EXERCISE> An exact copy of the data is required. No picture may appear in it.

INFORMATION PROVIDED>
* * * * * * *

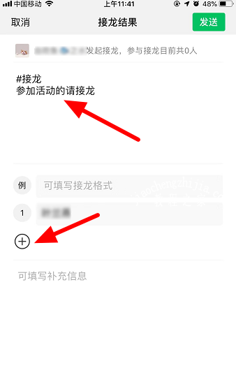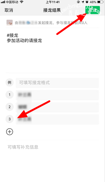 4.编辑接龙信息,点击“+”可添加新的名字或信息。
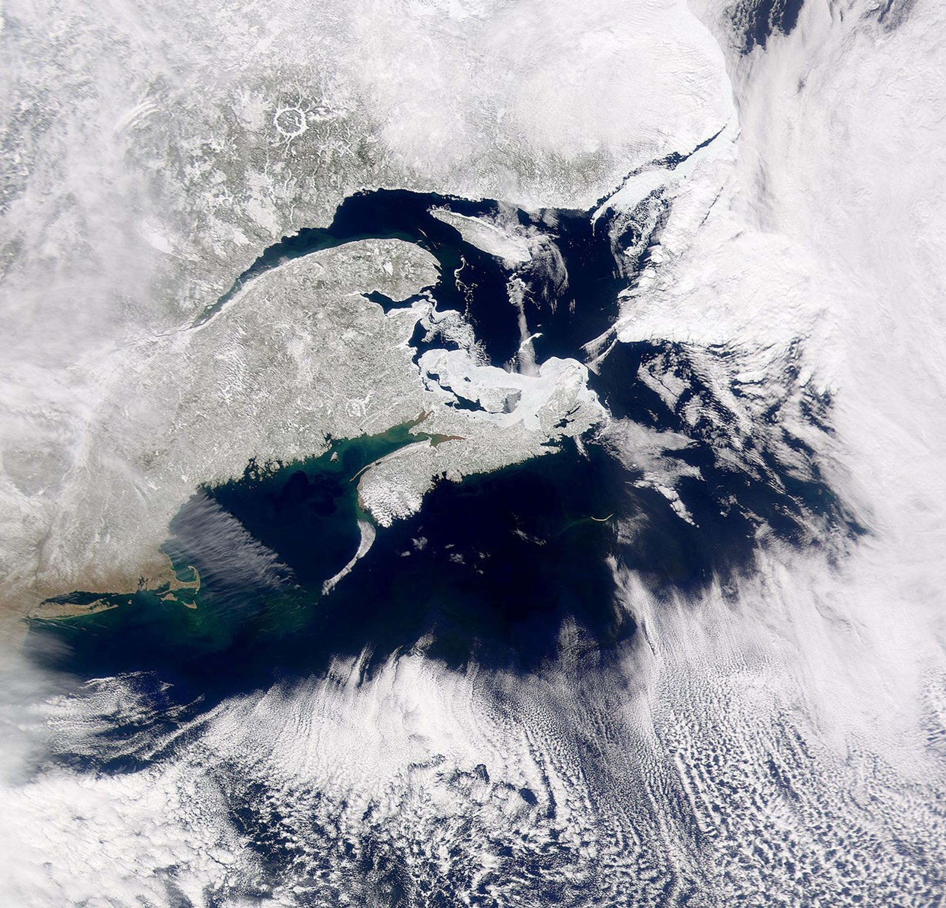 On the Northern Hemisphere’s first day of spring, 2001, Canada’s Maritime Provinces remain covered in snow. This true-color image from the Sea-viewing Wide Field-of-view Sensor (SeaWiFS) was taken on March 20, 2001. Near the top of the image the white circle is the Manicouagan impact crater, formed 210 million years ago. The arc of open water to the south (below) is the St. Lawrence River, which widens into the Gulf of St. Lawrence. To the east, on the other side of the Gulf (and partially obscured by clouds), is the Island of Newfoundland. South of the Gulf is Nova Scotia, separated from New Brunswick by the Bay of Fundy, scene of the highest tides in the world [up to 16 meters (52 feet)]. The high tides stir up sediment in the Bay, which is green and brown. Further south along the coast of mainland North America, snow-free Cape Cod and Long Island appear prominently. The clouds bordering the southern edge of the image occur along the edge of the relatively warm water of the Gulf Stream.
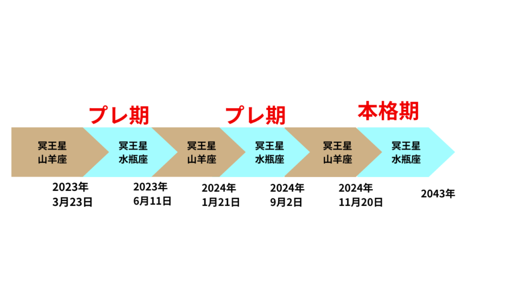 けれども、いきなり変わるのではなくて、生き方を選択できる期間があります。途中、プレ期というのがあって、冥王星が一旦土の時代のやぎ座にもどり、また水ガメ座にもどりを繰り返します。
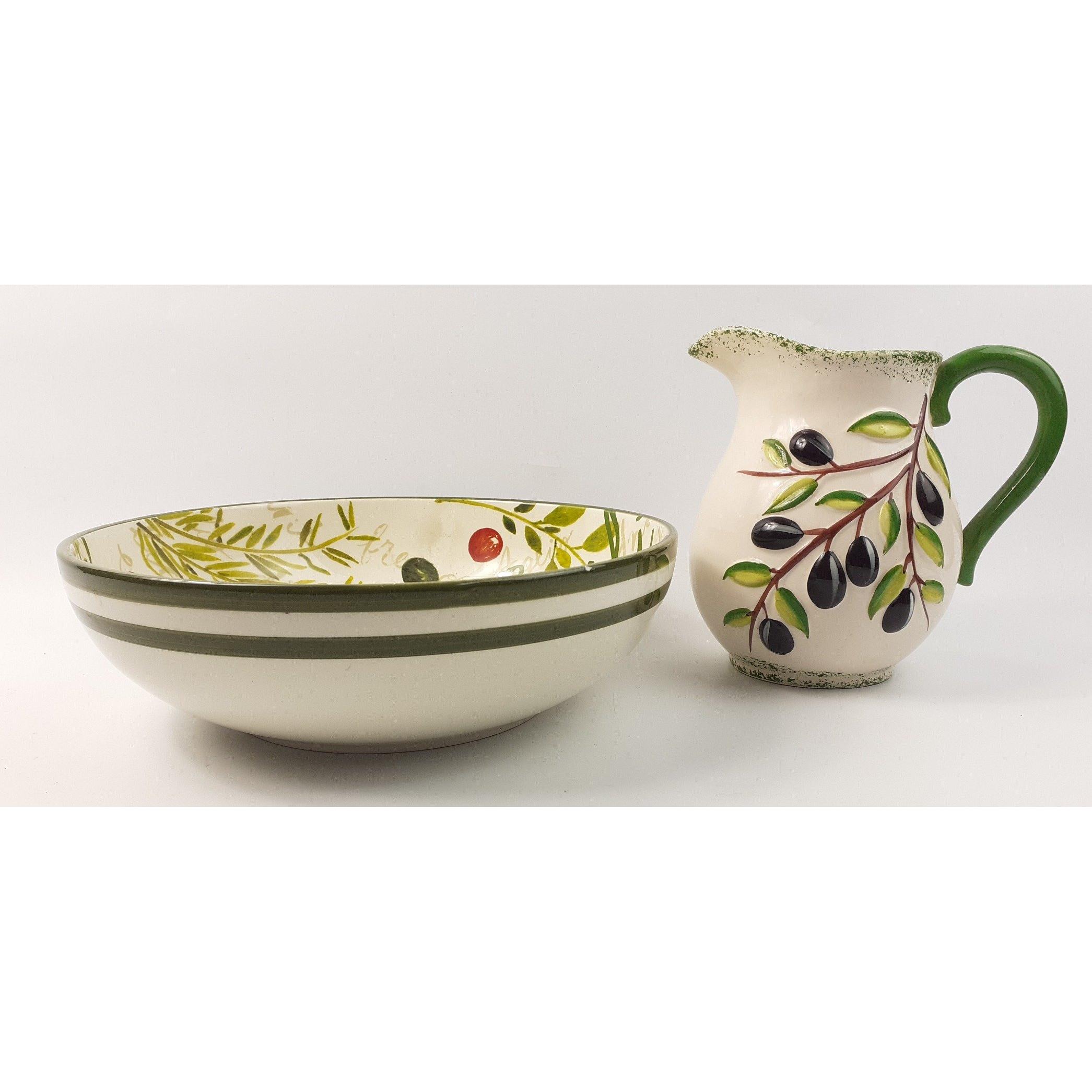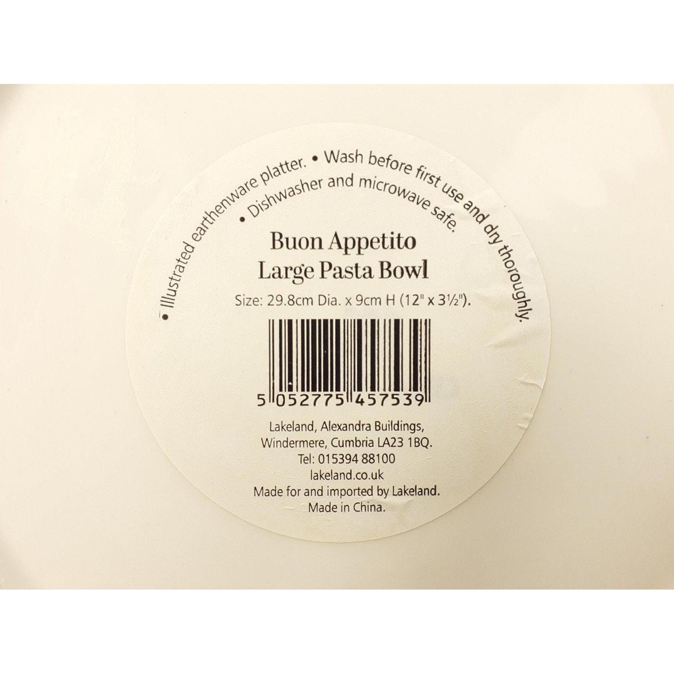 A large Buon Appetito pasta bowl from LAKELAND approx 30cm dia. with an unrelated but pretty similar style jug.Approx 2 pieces

* * * * * * *

ANSWER TO THIS PROBLEM>
 4.编辑接龙信息,点击“+”可添加新的名字或信息。
 On the Northern Hemisphere’s first day of spring, 2001, Canada’s Maritime Provinces remain covered in snow. This true-color image from the Sea-viewing Wide Field-of-view Sensor (SeaWiFS) was taken on March 20, 2001. Near the top of the image the white circle is the Manicouagan impact crater, formed 210 million years ago. The arc of open water to the south (below) is the St. Lawrence River, which widens into the Gulf of St. Lawrence. To the east, on the other side of the Gulf (and partially obscured by clouds), is the Island of Newfoundland. South of the Gulf is Nova Scotia, separated from New Brunswick by the Bay of Fundy, scene of the highest tides in the world [up to 16 meters (52 feet)]. The high tides stir up sediment in the Bay, which is green and brown. Further south along the coast of mainland North America, snow-free Cape Cod and Long Island appear prominently. The clouds bordering the southern edge of the image occur along the edge of the relatively warm water of the Gulf Stream.
 けれども、いきなり変わるのではなくて、生き方を選択できる期間があります。途中、プレ期というのがあって、冥王星が一旦土の時代のやぎ座にもどり、また水ガメ座にもどりを繰り返します。
 A large Buon Appetito pasta bowl from LAKELAND approx 30cm dia. with an unrelated but pretty similar style jug.Approx 2 pieces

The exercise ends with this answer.